Coping Through Heartache
Heartache is so much more than feeling bummed out or upset, it’s losing part of yourself. Our decision to not move forward with fertility treatments right now has left my heart feeling pretty battered and bruised.
The months of rollercoaster emotions hoping that this was *the* month only to be left crying in the bathroom were all for naught. My career choices (or lack thereof) that were designed around being a young mom, pointless. The Pinterest boards of cute kid stuff and the little t-shirt I got to announce our eventual pregnancy, a stab in my already bleeding heart.
I have never known heartache like this.
My life hasn’t been particularly challenging. In this way, I have been both blessed and ill-prepared for challenges. But when you lose a dream that is so fundamental to who you are you didn’t even recognize it as a dream, your identity distorts.
I have spent the last few months reeling from the distortions of who I was. I have tried to grasp something, anything, to give roots to who I am and a road to who I’m becoming.

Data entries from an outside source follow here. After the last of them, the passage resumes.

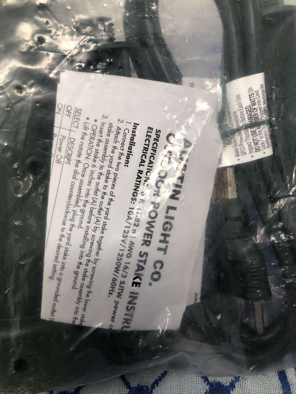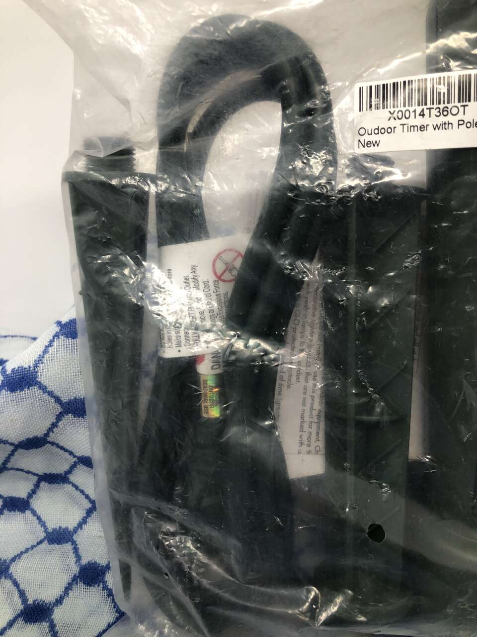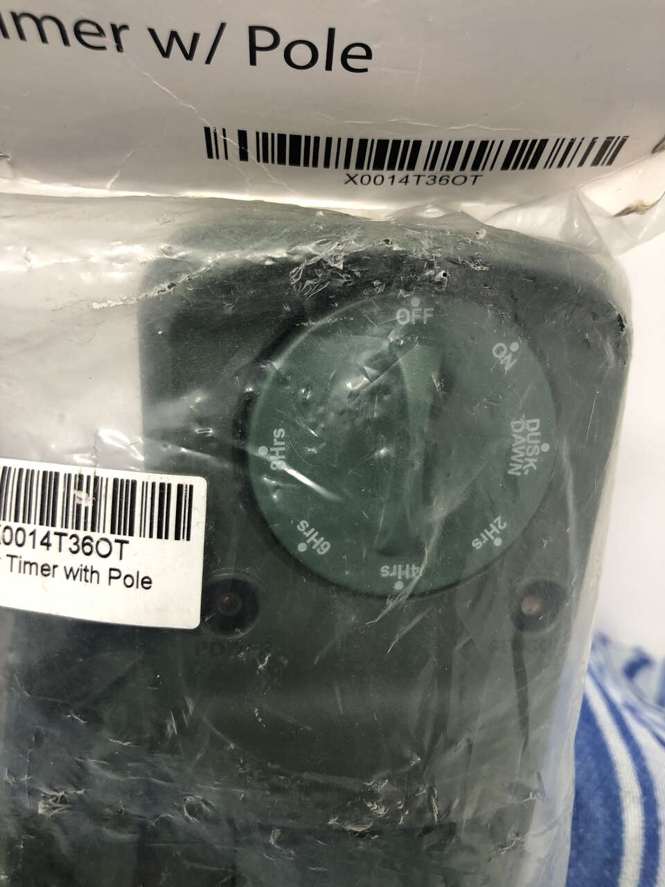 Still sealed and in original packaging. It comes with a stake to keep the timer vertical, a 6ft power cord, 3 outlets, and a twist timer. The timer has the following settings: OFF, ON, DUSK-DAWN, 2hrs, 4hrs, 6hrs, and 8hrs.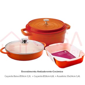 Kit Caçarolas Com Assadeira Hercules Antiaderente Ceramico Laranja Grande PA9000 Descrição: Compre já o Kit completo da linha Stúdio PA9000 Hércules e deixe sua cozinha mais charmosa e elegante. Os itens são de alumínio fundido de alta durabilidade e perfeitas para dar sofisticação no ambiente e um toque gourmet nas refeições do dia a dia. Composição do Kit: 1 Caçarola Baixa Hercules 30cm 3,5 Litros Laranja; 1 Caçarola Hercules 28cm 6,8 Litros Laranja; 1 Assadeira Hercules 35x24cm 5,4 Litros Laranja. Características da Caçarola Baixa Hercules 30cm 3,5 Litros Laranja: - Capacidade: 3,5 Litros - Tamanho: 3,5 Litros 30x6cm - Corpo Em Alumínio Fundido - Antiaderente Cerâmico - Pintura Resistente A Altas Temperaturas - Tampa de Vidro - Pode ir ao Forno e Lava Louças - Fundo Especial Para Todos Os Tipos De Fogão Fogão Convencional a gás, Indução e Halogênio - Cor: Laranja Características da Caçarola Hercules 28cm 6,8 Litros Laranja: - Capacidade: 6,8 Litros - Tamanho: 6,8 Litros 29,5x13cm - Espessura: 4,5mm - Corpo Em Alumínio Fundido - Antiaderente Cerâmico - Pintura Resistente A Altas Temperaturas - Tampa Com Sistema Pinga Gotas - Pode ir ao Forno e Lava Louças - Fundo Especial Para Todos Os Tipos De Fogão Fogão Convencional a gás, Indução e Halogênio - Cor: Laranja Características da Assadeira Hercules 35x24cm 5,4 Litros Laranja: - Capacidade: 5,4 Litros - Tamanho: 5,4 Litros 35Comprimento x 24Largura x 7,5Altura cm - Corpo Em Alumínio Fundido - Antiaderente Cerâmico - Pintura Resistente A Altas Temperaturas - Pode ir ao Forno e Lava Louças - Pode ir ao Fogão convencional e Fogão Halogênio - Cor: Laranja Especificações: Marca: Hercules; : 3 meses; ---- Aqui na Casa & Tendência você encontra os melhores utensílios domésticos e tudo que você precisa para sua cozinha ---- Marca: Não Informado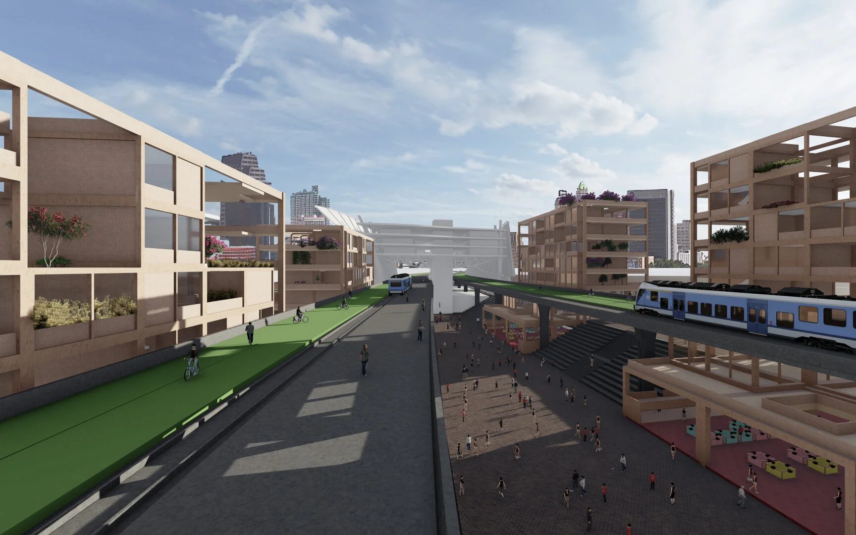 The Highway Housing blocks are constructed adjacent to the light rail and bike path that shades the market.

I have learned through this reeling that love, love is the only thing I have to grasp onto.
It seems trivial to say, but that is what keeps me grounded. My past, it’s rooted in love. The love of parents who modeled the joy of parenthood and inspired me to make it a priority in my youth. The friends who have supported and loved me through middle school’s bad hair choices, crushes and crushed hearts in high school, and the excitement that came with college. A husband who, from day one, has been the biggest advocate for my dreams and the future we were building together. Even my dogs have been a constant source of comfort and love.